**Task instructions**
If a line holds an image, leave the image out; write out everything else in the records exactly.

**Source material**

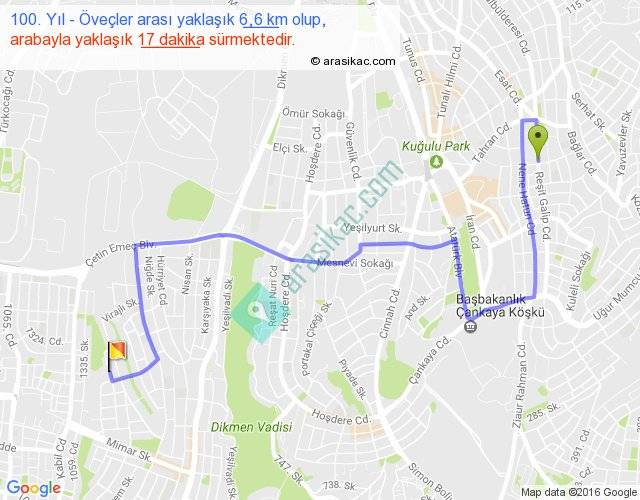 100. Yıl - Öveçler arası yaklaşık olarak 90 km/h ile yukarıda belirtilen sürede olup, iki yerin kuş uçuşu uzaklığı (mesafesi) 3'dir. Yolculuk otobüsle 22 dakika sürmektedir.
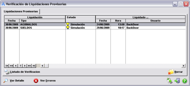 8) Verificar Liquidación: Una vez liquidado provisoriamente puede procederse a verificar lo liquidado. <F8> (Liquidaciones-Verificar Liquidación Provisoria)
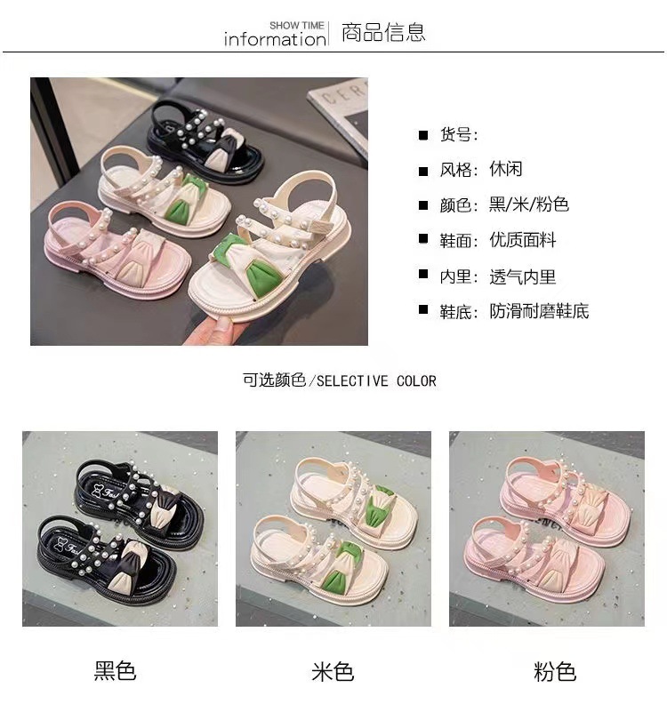 2024 여름 새 소녀 미끄럼 방지 부드러운 바닥 진주 공주 신발 어린이 중소 어린이 소녀 해변 신발 샌들스토어 가기
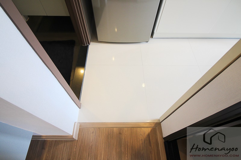 ข้างๆ พื้นที่วางตู้เย็นจะมีประตูห้องน้ำค่ะ ซึ่งเปิดเข้าไปในส่วนนี้จะเป็นส่วนของแขกนะ
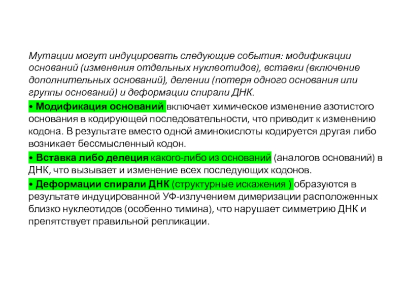 Слайд 23Мутации могут индуцировать следующие события: модификации оснований (изменения отдельных нуклеотидов),
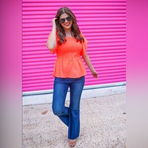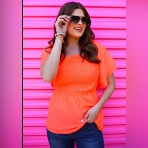 This smocked top features a stylish ruffle sleeve design that adds a touch of fun to any outfit. The smocking creates a flattering fit while the flowy fabric ensures comfort and breathability. Perfect for any occasion, this top can be dressed up or down to suit your style!
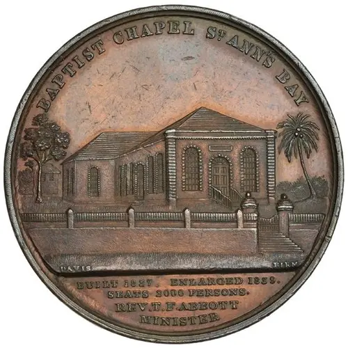 | Obverse lettering | BAPTIST CHAPEL ST. ANN`S BAY DAVIS BIRM BUILT 1837. ENLARGED 1839. SEATS 2000 PERSONS. REV.T.F.ABBOTT MINISTER |
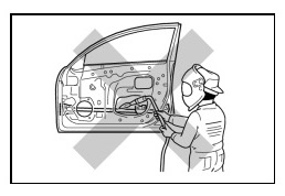 a. Rustproof high strength steel sheets are used for the body frame. Therefore, if these parts are heat repaired using an acetylene torch or equivalent, the crystalline structure changes, causing the strength of the steel sheets to decrease. Also, the zinc coating which is used to protect the body from rust will be damaged. This causes the surface of the steel sheets to become oxidized, which reduces their ability to resist rust.

**Result for this exercise**
 100. Yıl - Öveçler arası yaklaşık olarak 90 km/h ile yukarıda belirtilen sürede olup, iki yerin kuş uçuşu uzaklığı (mesafesi) 3'dir. Yolculuk otobüsle 22 dakika sürmektedir.
 8) Verificar Liquidación: Una vez liquidado provisoriamente puede procederse a verificar lo liquidado. <F8> (Liquidaciones-Verificar Liquidación Provisoria)
 2024 여름 새 소녀 미끄럼 방지 부드러운 바닥 진주 공주 신발 어린이 중소 어린이 소녀 해변 신발 샌들스토어 가기
 ข้างๆ พื้นที่วางตู้เย็นจะมีประตูห้องน้ำค่ะ ซึ่งเปิดเข้าไปในส่วนนี้จะเป็นส่วนของแขกนะ
 Слайд 23Мутации могут индуцировать следующие события: модификации оснований (изменения отдельных нуклеотидов),
 This smocked top features a stylish ruffle sleeve design that adds a touch of fun to any outfit. The smocking creates a flattering fit while the flowy fabric ensures comfort and breathability. Perfect for any occasion, this top can be dressed up or down to suit your style!
 | Obverse lettering | BAPTIST CHAPEL ST. ANN`S BAY DAVIS BIRM BUILT 1837. ENLARGED 1839. SEATS 2000 PERSONS. REV.T.F.ABBOTT MINISTER |
 a. Rustproof high strength steel sheets are used for the body frame. Therefore, if these parts are heat repaired using an acetylene torch or equivalent, the crystalline structure changes, causing the strength of the steel sheets to decrease. Also, the zinc coating which is used to protect the body from rust will be damaged. This causes the surface of the steel sheets to become oxidized, which reduces their ability to resist rust.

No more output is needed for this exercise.